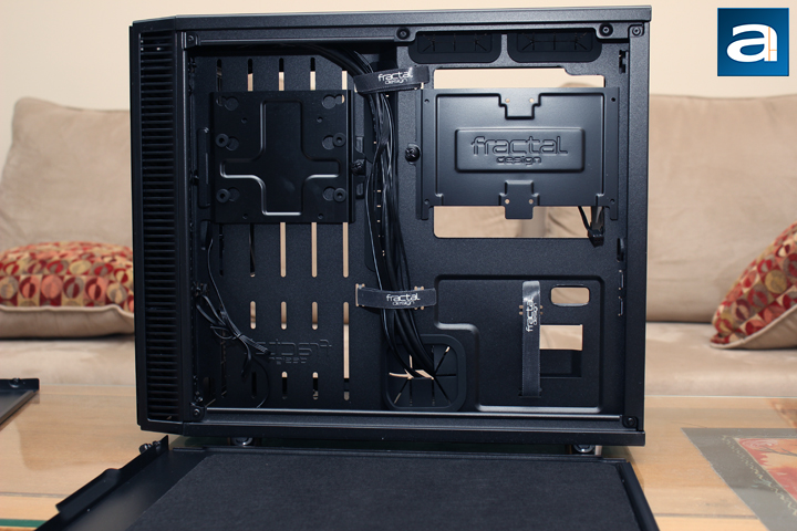 Looking at the back of the Fractal Design Define Nano S, and we have a pretty standard picture here. Much like the rest of the case, the back is a similar layout to the Define S. We have two sections separated by the cabling holes in the center. To the left of these holes we have another bracket, used for mounting 3.5" and 2.5" storage drives and accessories. Your drive would screw into a plate, and the whole plate will be mounted onto this area, attached with a fixed thumbscrew. This area is also used to put most of your excess cabling, as we have approximately 35mm in room between the frame and sliding panel. In the middle are all the cabling holes with rubber grommets. There are also three Velcro straps that go in the standard routing areas, used to keep all the loose cables tidy and stopping them from flying around. Finally, to the right of the divide, we have two things to note. One is the fact this area is shallower for cabling, as only 17mm of gap is provided. Secondly, we have the dual 2.5" drive trays, located at the back of the motherboard tray opening. Again, it is held on with a thumbscrew, which stays attached to the sled. As I have mentioned before, the right side panel has Fractal Design's excellent sound dampening material, which makes it a bit heavier, but not by too much.
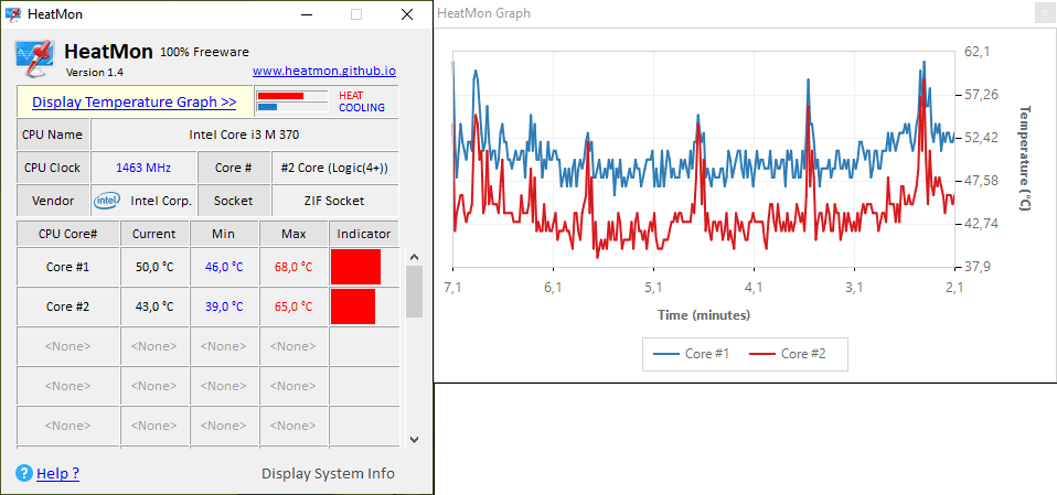 HeatMon — утилита для мониторинга состояния процессора, контролирует температуру и напряжения по каждому ядру. Программа разработана с учётом особенностей современных систем, где перегрев может негативно повлиять на производительность и стабильность работы. Позволяет отслеживать ключевые параметры в реальном времени и сохранять данные для дальнейшего анализа, что делает его полезным инструментом для пользователей ноутбуков и настольных ПК.
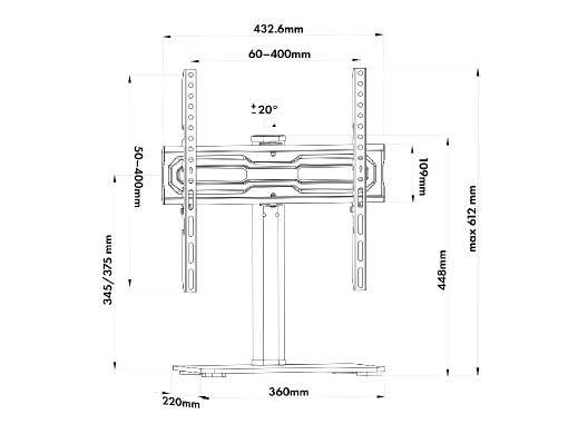 - VESA: 75x75, 100x100, 100x150, 150x100, 100x200, 200x100, 150x150, 200x200, 300x200, 400x200, 300x300, 400x300, 400x400 mm
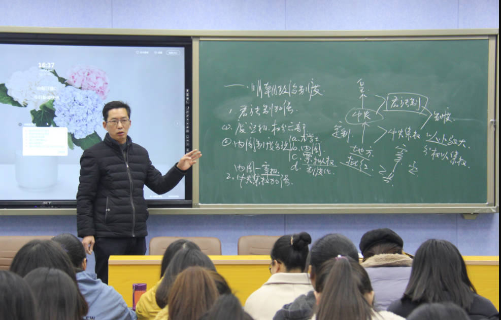 11月27日下午,信阳高级中学高级教师沈军应邀在人文楼706教室,为我院师范生作示范课。我院2018级历史学班和人文教育班部分同学到场听讲。

● **WORK TO COMPLETE**: With pictures excluded, the material is to be written out exactly as given.

● **EXERCISE RESULT**:
 Looking at the back of the Fractal Design Define Nano S, and we have a pretty standard picture here. Much like the rest of the case, the back is a similar layout to the Define S. We have two sections separated by the cabling holes in the center. To the left of these holes we have another bracket, used for mounting 3.5" and 2.5" storage drives and accessories. Your drive would screw into a plate, and the whole plate will be mounted onto this area, attached with a fixed thumbscrew. This area is also used to put most of your excess cabling, as we have approximately 35mm in room between the frame and sliding panel. In the middle are all the cabling holes with rubber grommets. There are also three Velcro straps that go in the standard routing areas, used to keep all the loose cables tidy and stopping them from flying around. Finally, to the right of the divide, we have two things to note. One is the fact this area is shallower for cabling, as only 17mm of gap is provided. Secondly, we have the dual 2.5" drive trays, located at the back of the motherboard tray opening. Again, it is held on with a thumbscrew, which stays attached to the sled. As I have mentioned before, the right side panel has Fractal Design's excellent sound dampening material, which makes it a bit heavier, but not by too much.
 HeatMon — утилита для мониторинга состояния процессора, контролирует температуру и напряжения по каждому ядру. Программа разработана с учётом особенностей современных систем, где перегрев может негативно повлиять на производительность и стабильность работы. Позволяет отслеживать ключевые параметры в реальном времени и сохранять данные для дальнейшего анализа, что делает его полезным инструментом для пользователей ноутбуков и настольных ПК.
 - VESA: 75x75, 100x100, 100x150, 150x100, 100x200, 200x100, 150x150, 200x200, 300x200, 400x200, 300x300, 400x300, 400x400 mm
 11月27日下午,信阳高级中学高级教师沈军应邀在人文楼706教室,为我院师范生作示范课。我院2018级历史学班和人文教育班部分同学到场听讲。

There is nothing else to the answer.